Eine aufmerksame Kuh schaut nach dem vorbeifahrenden Zug.
Gleich erreiche ich den Bahnhof Neubrandenburg. Es ist Mittag. Der Zug geht nach Stralsund. Auf meinem Personalausweis steht diese Stadt unter dem Merkmal Geburtsort.
In Neubrandenburg halte ich die Augen offen nach dem See, der Fachhochschule und dem Kreisverkehr. Alles, was ich sehe, ist ein Gebäude der FH und eine Kirche.
Und jetzt ist nichts. Nur Landschaft, Felder, Wiesen, Bäume und Wälder, eine Fabrik, ein paar wenige Autos, sobald eine Straße sichtbar wird. Dann wieder nur Wald. Das Bedürfnis, durch den Wald zu laufen und zu suchen. Natürlich mit dem Wissen, nichts zu finden und am Ende trotzdem enttäuscht zu sein.
Alles ist kühl, feucht, grau. Doch Bäume und Sträucher noch grün, obwohl sich der Herbst an so manchen Stellen und Orten schon heranschleicht.
Fast hatte ich geglaubt, dass Grimmen in einem gewissen Zusammenhang steht mit >grimmig<, aber dem ist nicht mehr so: Ich habe soeben eine Meerjungfrau über das Feld fliegen sehen.
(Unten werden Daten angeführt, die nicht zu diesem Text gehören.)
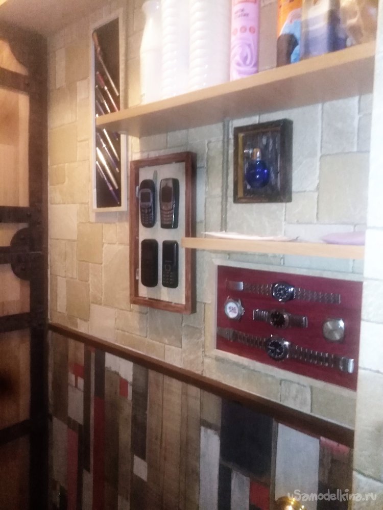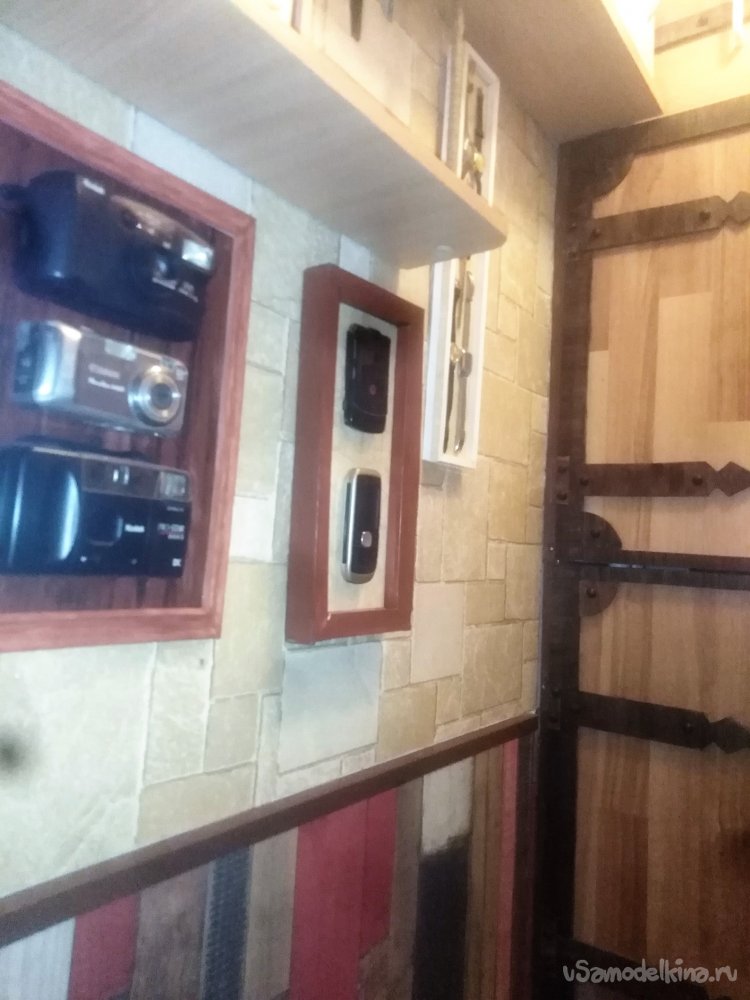 Уверен, что у каждого, дома скопилось немало отслуживших верой и правдой различных вещей и предметов. Вот и лежат они мертвым грузом в шкафчиках, коробочках и на полочках, собирая пыль и лишь воспоминания о своем былом предназначении, когда попадаются в поле нашего зрения. Вот и подумал я: "А почему и нет ?" и решил дать всем этим "полезностям" еще одно предназначение - стать экспонатами "вернисажа ностальгии". Не стал заморачиваться тратой денег на рамки и сделал их также из отходных стройматериалов. В ход пошли остатки панелей ПВХ, молдинги, бордюры, галтели, картонные коробки, С помощью акриловых красок и лака, клея ПВА оформил рамки для экспонатов. Что получилось, можете увидеть на снимках. Возможно кого-то заинтересует и ширма-дверца за унитазом, выполненная из остатков ламината. Клёпки на ней сделаны из самодельного композита - смеси крахмала,клея ПВА и растительного масла ,залитого в форму полусфер. В качестве формы была использована полимерная детская забава "антистресс". Так что идея получилась неплохой и была одобрена друзьями и близкими. Остались еще места на стенах, да и "экспонатов" для вернисажа тоже.)) Зато освободились и места в шкафчиках, коробочках и полочках..))
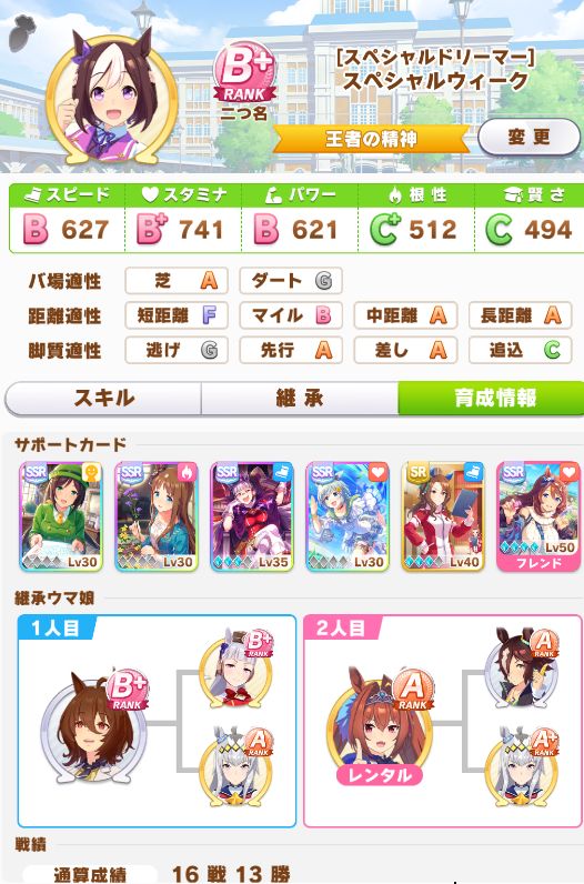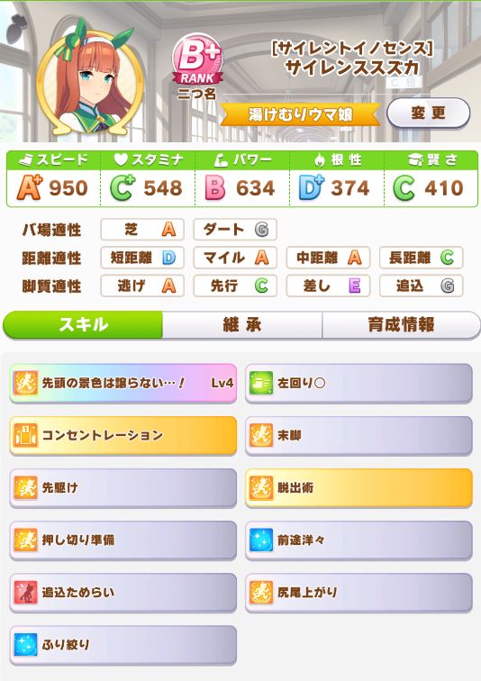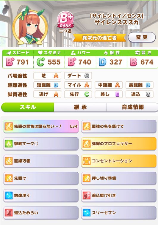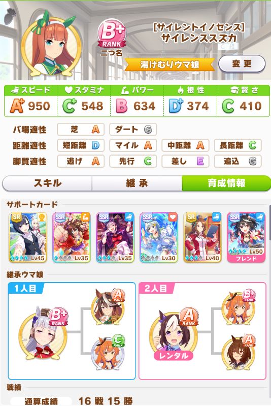 ところが、この時点でステータスは平坦過ぎて飛び抜けたものがないわ、スキルもサポカの相性が悪く、有用なのが全くないままで

Sie war schlank, etwa drei Meter lang, hatte eine blaue Flosse und einen roten Pulli an. Den Kopf konnte ich leider nicht sehen, der versteckte sich bereits hinter Gebüsch.
Ganz bestimmt hatte sie sich verirrt und sucht die Ostsee. Dafür ist sie jedenfalls in der korrekten Richtung unterwegs. Den Zug hat sie nicht mehr bekommen. Aber Meerjungfrauen fahren ja auch nicht mit dem Zug!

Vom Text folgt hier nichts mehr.